TASK ITEM:
Exactly reproduce the lines of the listing below from the one containing "食事時の飲み物メニューですが" through the one containing "天空虽然非常辽阔,但是现代飞". Skip the images.

--- DATA FOR PROCESSING Enclosed Below ---

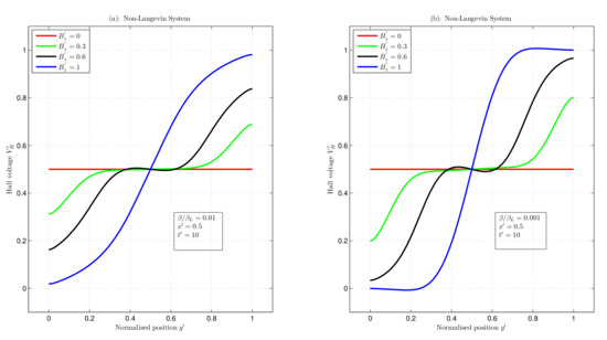Figure 7 depicts the non-Langevin systems with and 0.001. In Figure 7a, with increasing magnetic fields of = 0, 0.3, 0.6 and 1, the maximum voltage values were 0.5, 0.68, 0.83, and 0.98, respectively, and the minimum voltage values were 0.5, 0.31, 0.16, and 0.01, respectively. These values gave potential differences of 0, 0.37, 0.67, and 0.97. Moreover, in Figure 7b, the maximum and minimum voltage values were 0.5 and 0.5, 0.80 and 0.19, 0.96 and 0.03, and 1.00 and , giving potential differences of 0, 0.61, 0.93, and 1 for magnetic fields of = 0, 0.3, 0.6, and 1, respectively. Hence, these results show that increasing the magnetic field increased the Hall voltage.
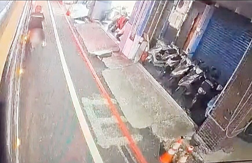 ▲桃園市黃姓男子昨晚騎車上班途中醉醺醺撞上公車,圖為監視器畫面。(圖/桃園警方提供)
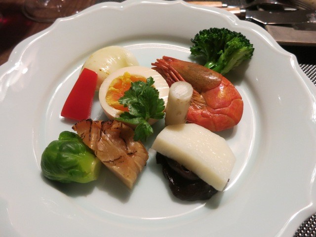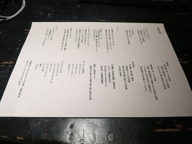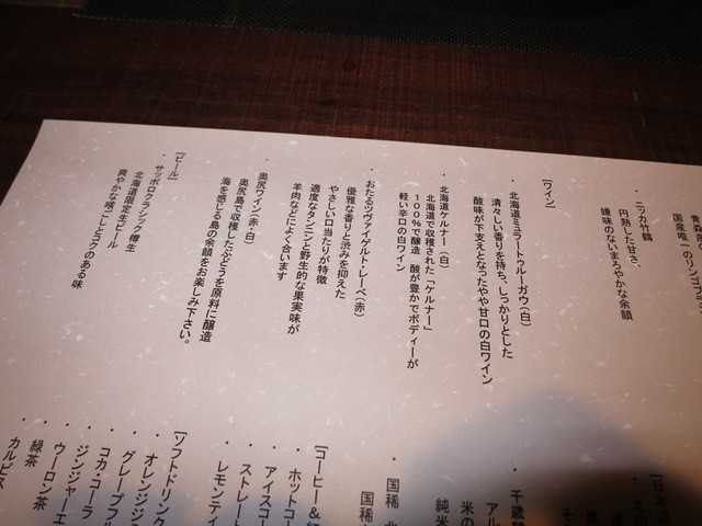 食事時の飲み物メニューですが、ワイン、日本酒、焼酎何でも品揃えがあり、嬉しいことにほぼ全てが北海道産です。この料理にはワインが合うので白ワイン、赤ワイン共に頂きましたが、北海道のワインも質が高いですね。とても良きワインでした。何より地産地消が良いことだと思います。
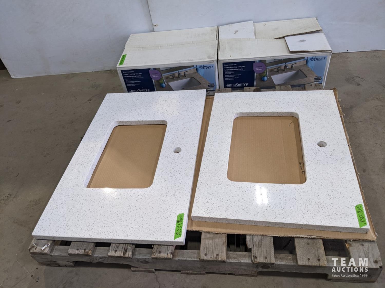 1458 (2) AquaSource Undermount Sinks and (2) Quartz Vanity Tops (Unused)
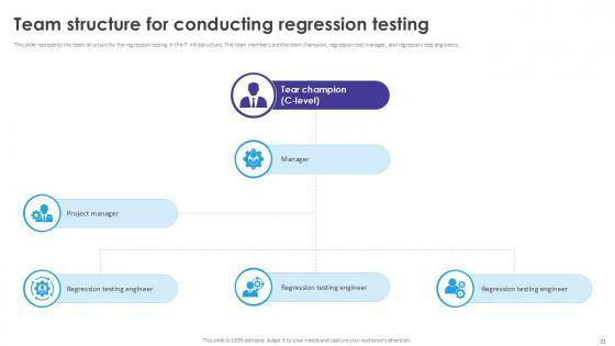 This slide represents the team structure for the regression testing in the IT infrastructure. The team members are the team champion, regression test manager, and regression test engineers. Presenting this PowerPoint presentation, titled Team Structure For Conducting Automated Regression Testing And Achieving PPT Example with topics curated by our researchers after extensive research. This editable presentation is available for immediate download and provides attractive features when used. Download now and captivate your audience. Presenting this Team Structure For Conducting Automated Regression Testing And Achieving PPT Example Our researchers have carefully researched and created these slides with all aspects taken into consideration. This is a completely customizable Team Structure For Conducting Automated Regression Testing And Achieving PPT Example that is available for immediate downloading. Download now and make an impact on your audience. Highlight the attractive features available with our PPTs. This slide represents the team structure for the regression testing in the IT infrastructure. The team members are the team champion, regression test manager, and regression test engineers.
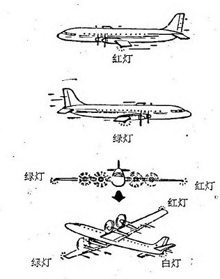 天空虽然非常辽阔,但是现代飞机的速度很快,因此仍然会有对撞的危险。要避免空中对撞事故,除了对定期航班的民航飞机规定一定的航线以外,同时飞行员在空中还必须注意观察前后左右的情况。为了便于飞行员观察周围有没有飞机,随时了解别的飞机同自己航向的关系怎么样,因此在夜航的时候,要在飞机的左右两侧和尾部开三盏航行灯:从飞行员的位置来看,红灯总是装在左翼尖,绿灯装在右翼尖,白灯装在机尾。三盏灯可以连续点亮,也可以断续点亮。
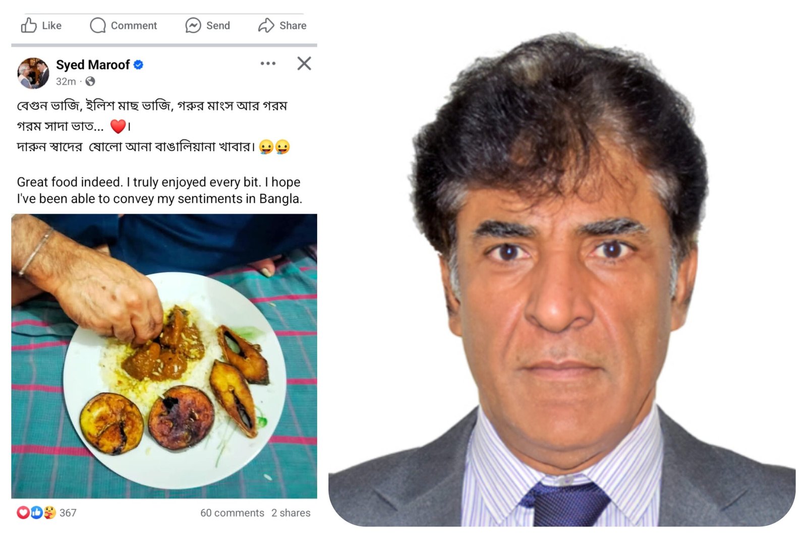 ঢাকায় নিযুক্ত পাকিস্তানের হাইকমিশনার সৈয়দ মারুফ সম্প্রতি ফেসবুকে বাঙালিয়ানা খাবারের প্রতি তার ভালোবাসা প্রকাশ করে একটি পোস্ট দিয়েছেন। ছবিতে দেখা যায়, গরম ভাত, ইলিশ মাছ ভাজি, গরুর মাংস এবং বেগুন ভাজি পরিবেশিত হয়েছে। তিনি পোস্টে লিখেছেন, “দারুণ স্বাদের মোহে আনানো বাঙালিয়ানা খাবার।”
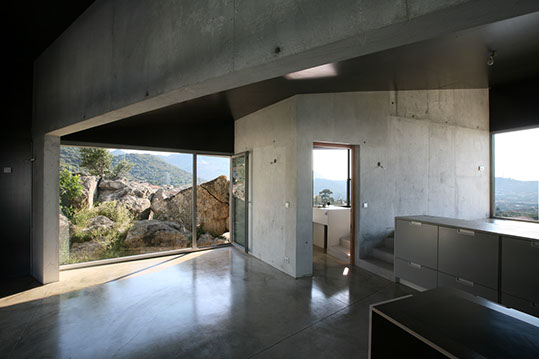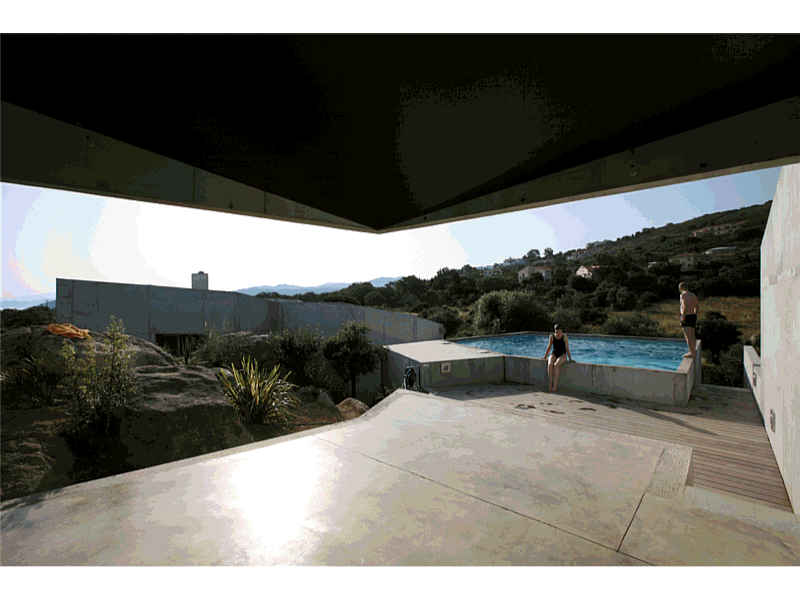 Ce parti d’investir les points culminants et rocheux renvoie aux villages ancestraux corses et à des pratiques encore plus anciennes (occupations néolithiques) – la construction a d’ailleurs été diff érée par des fouilles archéologiques sur le site. Il ne s’agit cependant plus d’anticiper les dangers et les invasions mais de se sentir à la fois protégé et projeté dans le paysage lointain.

--- End of Enclosed DATA FOR PROCESSING ---

ANSWER TO THIS PROBLEM:
 食事時の飲み物メニューですが、ワイン、日本酒、焼酎何でも品揃えがあり、嬉しいことにほぼ全てが北海道産です。この料理にはワインが合うので白ワイン、赤ワイン共に頂きましたが、北海道のワインも質が高いですね。とても良きワインでした。何より地産地消が良いことだと思います。
 1458 (2) AquaSource Undermount Sinks and (2) Quartz Vanity Tops (Unused)
 This slide represents the team structure for the regression testing in the IT infrastructure. The team members are the team champion, regression test manager, and regression test engineers. Presenting this PowerPoint presentation, titled Team Structure For Conducting Automated Regression Testing And Achieving PPT Example with topics curated by our researchers after extensive research. This editable presentation is available for immediate download and provides attractive features when used. Download now and captivate your audience. Presenting this Team Structure For Conducting Automated Regression Testing And Achieving PPT Example Our researchers have carefully researched and created these slides with all aspects taken into consideration. This is a completely customizable Team Structure For Conducting Automated Regression Testing And Achieving PPT Example that is available for immediate downloading. Download now and make an impact on your audience. Highlight the attractive features available with our PPTs. This slide represents the team structure for the regression testing in the IT infrastructure. The team members are the team champion, regression test manager, and regression test engineers.
 天空虽然非常辽阔,但是现代飞机的速度很快,因此仍然会有对撞的危险。要避免空中对撞事故,除了对定期航班的民航飞机规定一定的航线以外,同时飞行员在空中还必须注意观察前后左右的情况。为了便于飞行员观察周围有没有飞机,随时了解别的飞机同自己航向的关系怎么样,因此在夜航的时候,要在飞机的左右两侧和尾部开三盏航行灯:从飞行员的位置来看,红灯总是装在左翼尖,绿灯装在右翼尖,白灯装在机尾。三盏灯可以连续点亮,也可以断续点亮。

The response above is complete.